Interviewees: Carl Green, Jr., former Administrator of Title VI and Equity Programs; Roberto Guttierez, Senior Project Coordinator (Department of Transit Equity, Inclusion and Community Affairs); Scott Nance, Senior Communications Specialist.

TriMet’s approach to institutionalizing equity is distinguished by its use of standing external committees, leveraging its civil rights Title VI Program, the development of new metrics and an equity index that measure different aspects of service delivery, and the growth of internal capacity to do equity work.

In 2013, TriMet started the development of a quantitative “equity index”. The index identifies “fair neighborhoods” by weighing ten factors: people of color, limited English proficiency, youth population, limited access to vehicles, affordable housing, low income population (200% of federal poverty level) , elderly population, people with disabilities, low- and middle-wage jobs, and major retail and human / human service destinations.

In 2018, Oregon passed new statewide transportation funding legislation, HB2017, which provides an additional $ 48 million per year for TriMet; the agency prioritized investments in services in equity neighborhoods determined by the index for this additional funding.

TriMet has incorporated fairness measures into its 5-year business plan process. In 2017, the agency found that the average age of vehicles on routes serving primarily people of color or low-income people was 12% higher than the average age of vehicles on other routes.
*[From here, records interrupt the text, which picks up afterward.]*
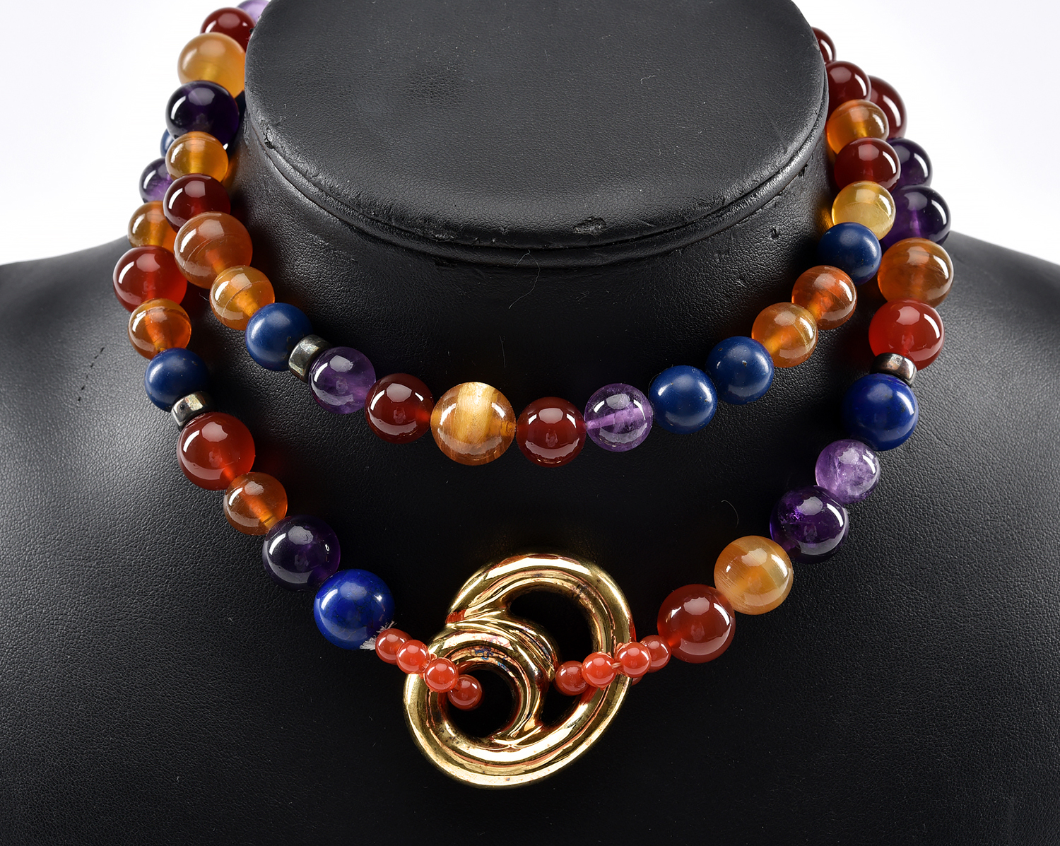 A STRAND OF COLOURED QUARTZ BEADS WITH SILVER GILT PENDANT AND CLASP
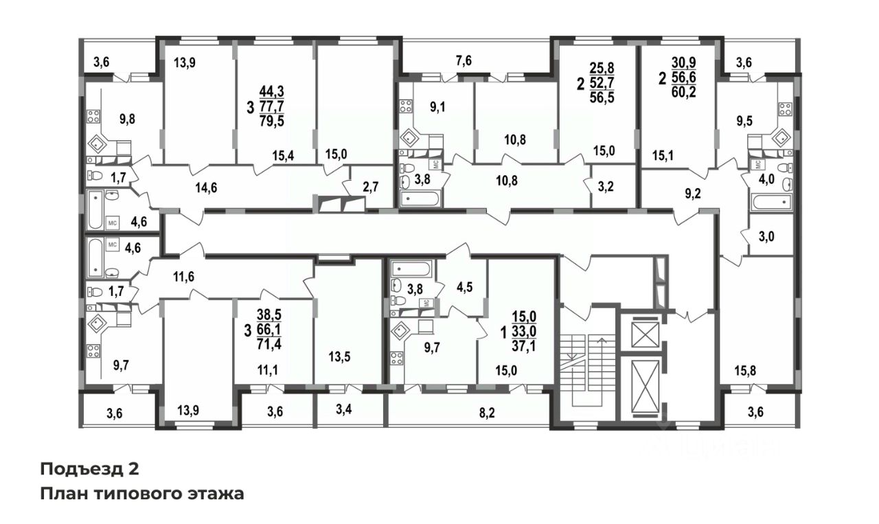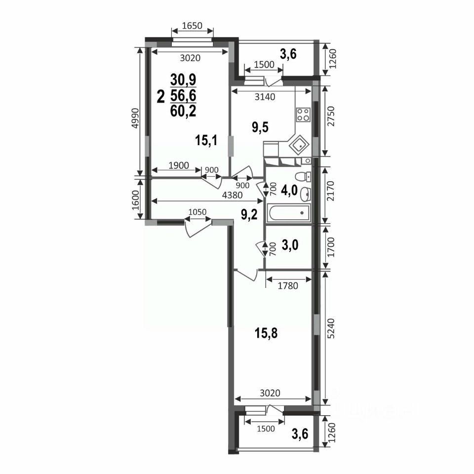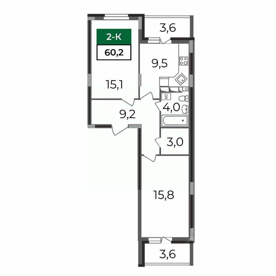 Двухкомнатная квартира-распашонка 60,2 кв.м в монолитном доме от застройщика - ЖК Сталинградский бульвар 7.
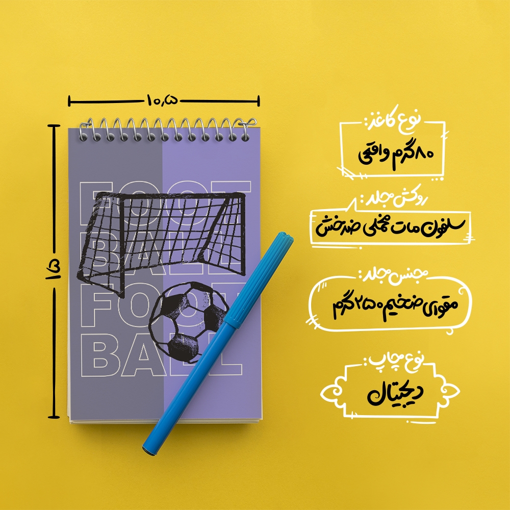 برند خندالو در زمینه تولید انواع دفاتر فانتزی و تحصیلی فعالیت میکند که به دلیل جذابیت ظاهری و طرح های متنوع طرفداران زیادی دارد. دفتر یادداشت خندالو طرح فوتبال محصولی مناسب برای همه عاشقان لوازم التحریر است و همچنین همه کسانی که بنا به موقعیت تحصیل یا شغلشان با دفتر و نوشت افزار زیاد سر و کار دارند. در تولید دفتر یادداشت خندالو طرح فوتبال از نوع صحافی فنر مارپیچ استفاده شده که در این نوع صحافی برگه‌ها به راحتی چرخیده و یا بیرون آورده می شوند.
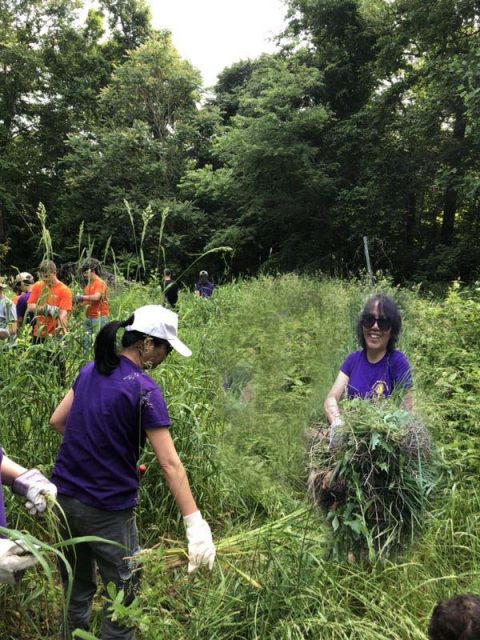 参加六月一日活动的八个团体包括男童子军、北布朗斯克图书馆、认知技术解决机构等。义工有60多人。他们分组工作,一组人用修枝剪除去入侵植物,一组用除草工具和双手去连根拔除杂草,另组人撒播草种,还有一组去清扫蜜蜂授粉筑巢栖息地。 最后,密郡青年环保组去清理步道,也把爱迪生市政府捐的15支树苗(白橡树、朴树、黑胶树) 种植在森林公园内。
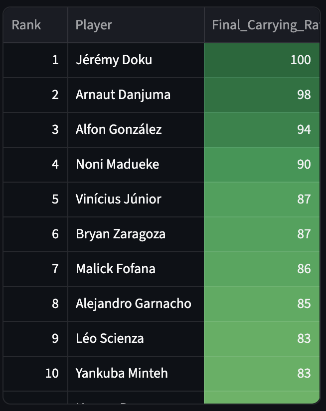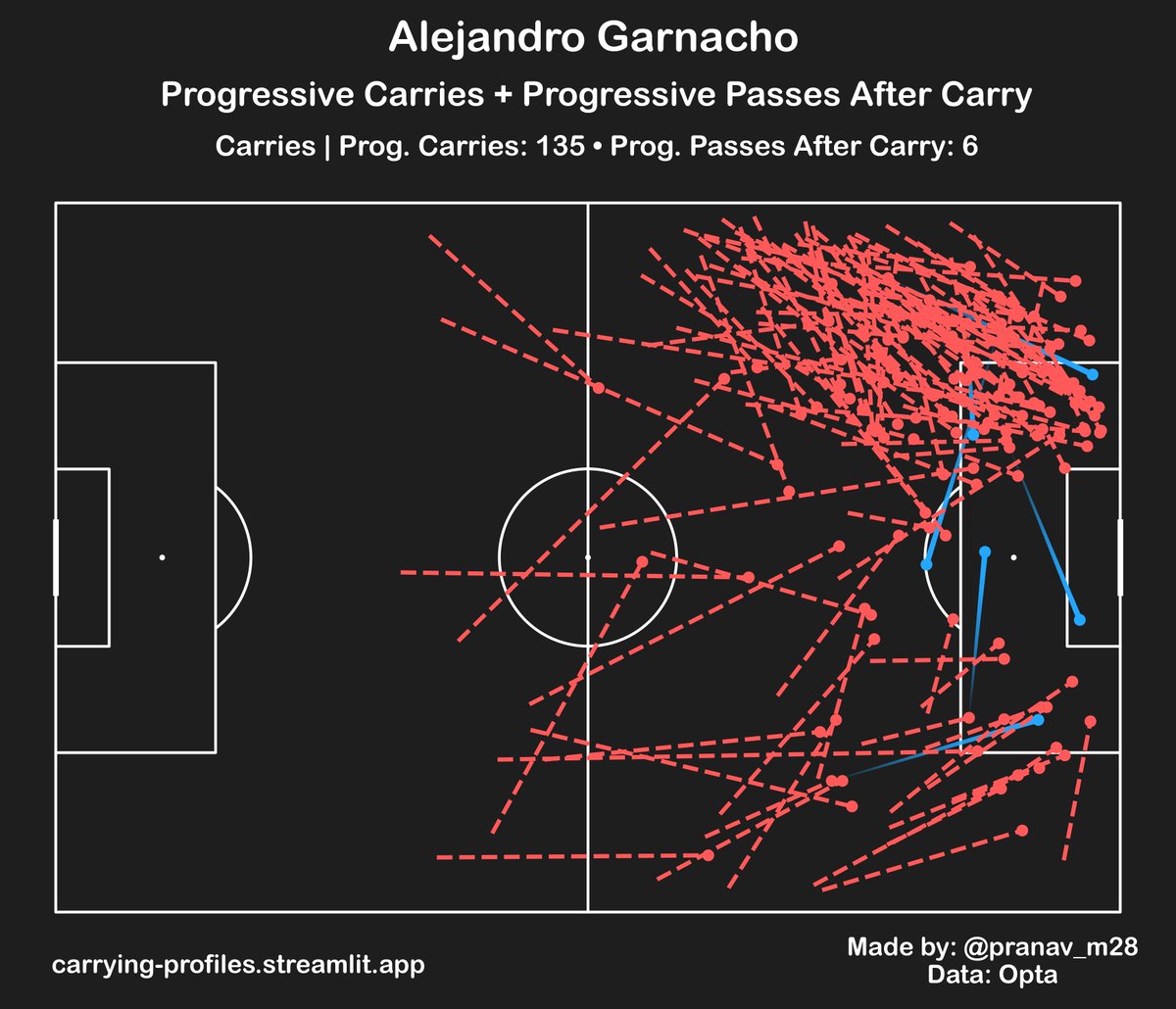 Using my friend @pranav_m28 apps we can dive deeper. On carrying profiles he scores 85/100 ranking 8th behind names like Fofana, Zaragoza and Vinícius. Another viz highlights his strong half-space carrying and tendency to drive forward rather than pass.
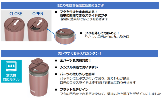 2021年に発売した『サーモス 真空断熱タンブラー(JDPシリーズ)』は、保温に効果的でほこりを防ぐスライド式フタ付きのタンブラーです。簡単に開閉できるスライド式のフタで、フタをつけたまま飲むことができ、デスクワークにもぴったり。サーモスの他のタンブラーやマグカップと比べ、ご自宅よりもオフィスシーンでのご利用が多いアイテムです。シンプル構造でフタのパッキンやフタスライドは簡単に着脱できるのでお手入れも簡単。さらに全てのパーツが食洗機対応です。
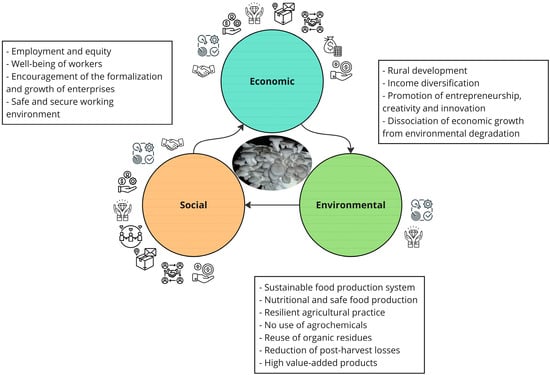 The BMC for edible mushroom production can be associated with the SDGs (Figure 3) as it permeates the environmental, economic, and social pillars of sustainability. The symbols are from the BMC, to which aspect of sustainability they belong.

As a result, the agency retired the older buses and looked at how it allocated vehicles to different depots, and changed its process to improve this metric in the years to come.
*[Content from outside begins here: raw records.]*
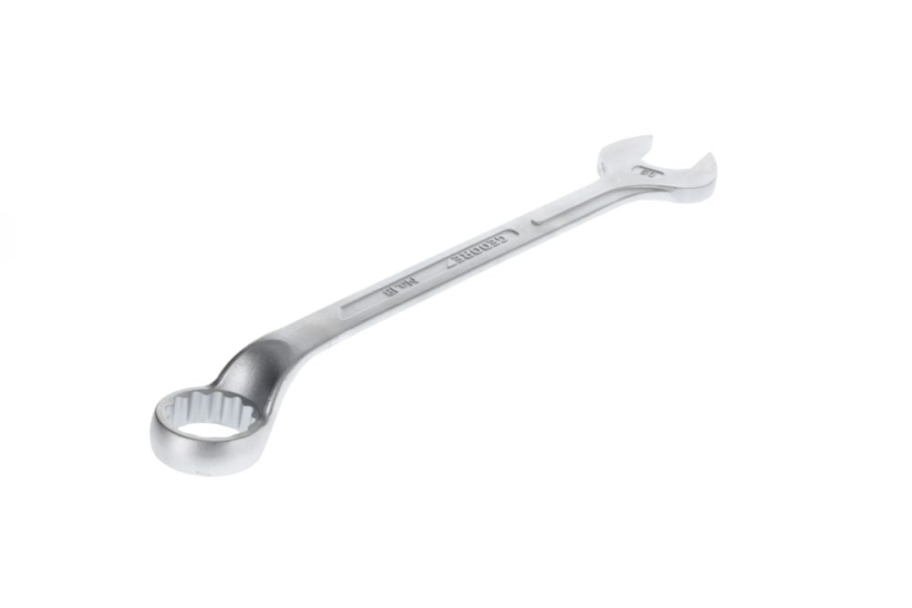 CV-Stahl · verchromt · mit gleichen Schlüsselweiten · Ringseite gekröpft und 10° abgewinkelt, Maulstellung 15° DIN 3113 Form B / ISO 3318 / ISO 7738
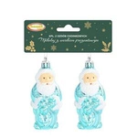 Bombki czerwone brokatowe Mikołaj w saniach 7 cm 6 sztuk
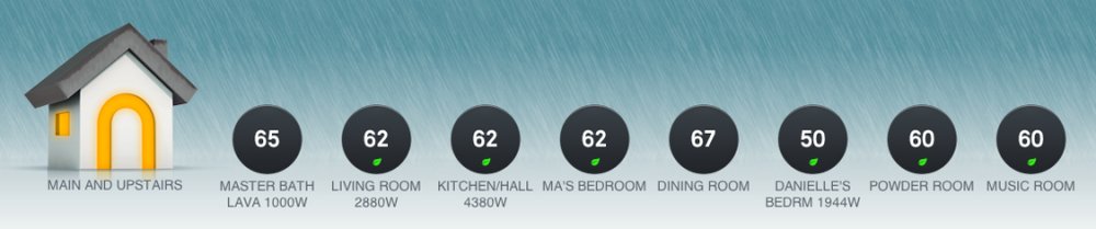 - Living Room (202 sq. ft.) with Nest True Radiant Integration: 137 kWh = $4.67/week
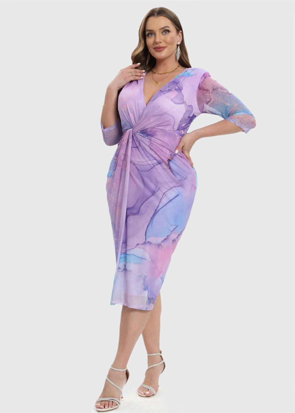 Jennifer Lielo izmēru violeta vakarkleita ar rakstu
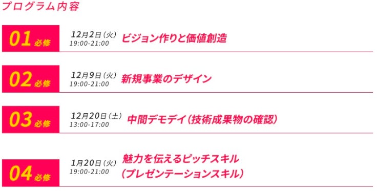 最新テクノロジーを学ぶとともに、ビジネスアイデアを創出し、創出したビジネスアイデアをブラッシュアップしていく一連の開発プロセスを経験することで、実践的なマインドとスキルを効果的に習得するプログラムです。

Objective: To ensure an equitable distribution of services and resources through the TriMet system

Measure: Access of minorities and low-income people to less than five percent or more than access of non-minorities and low-income people according to different measures:

  • Hours of income provided
  • Vehicle loads
  • Punctual performance
  • Service availability
  • Vehicle allocation
  • Stop amenities

At the heart of TriMet’s fairness work is the use of its Public Transit Equity Advisory Committee, which includes a TriMet board member and representatives from 16 organizations working with transit-dependent populations, youth, community colleges, housing and advocacy groups. TEAC meets monthly and is primarily a vehicle for TriMet to inform and obtain feedback from community partners on projects, initiatives and agency research studies that could influence equitable service delivery. In 2020, for example, TEAC’s agendas included discussions on changes to the low-income fare registration process, plans to extend bus lanes and light rail, and changes to public transport policing.
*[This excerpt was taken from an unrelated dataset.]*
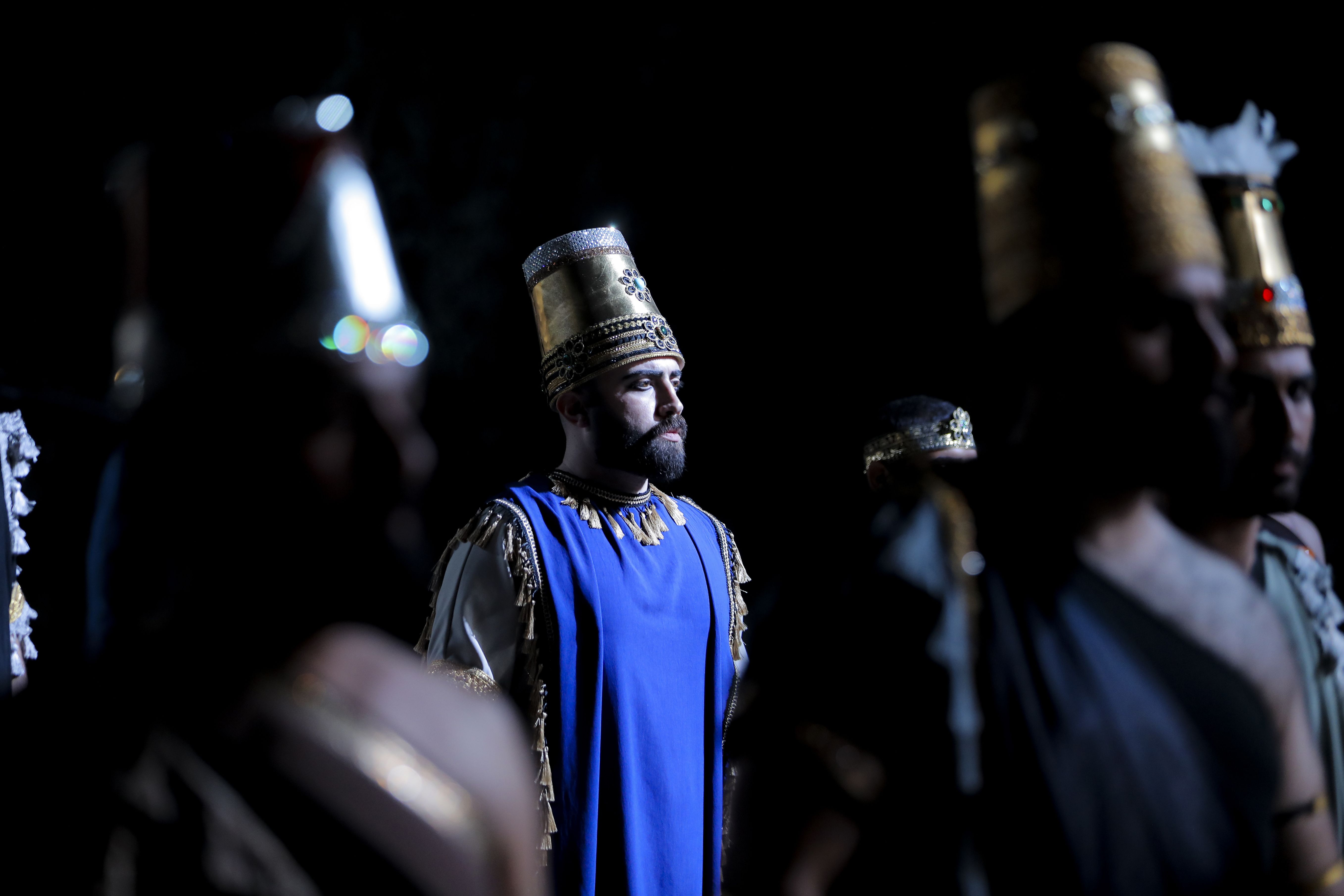 Actors perform during the opening ceremony for the International Day for the Babylonian Civilization held in the archaeological site of Babylon, Iraq, Thursday, April 10, 2025. (Photo by Anmar Khalil/AP Photo)

Many government agencies have advisory committees that accept input but fail to change agency decision-making. Those interviewed by TriMet say TEAC stands out because agency management sees it as a serious place to review policy proposals and inform policy conversations. In other words, the proposed changes are discussed in committee early enough for a significant change to result, and agency management considers TEAC membership important. The presence of a member of the board of directors within the committee creates a link with the rest of the board.

According to interviewees, TriMet intentionally increased the number of employees assigned to equity-related work, to 20 full-time employees assigned to equity initiatives in several departments.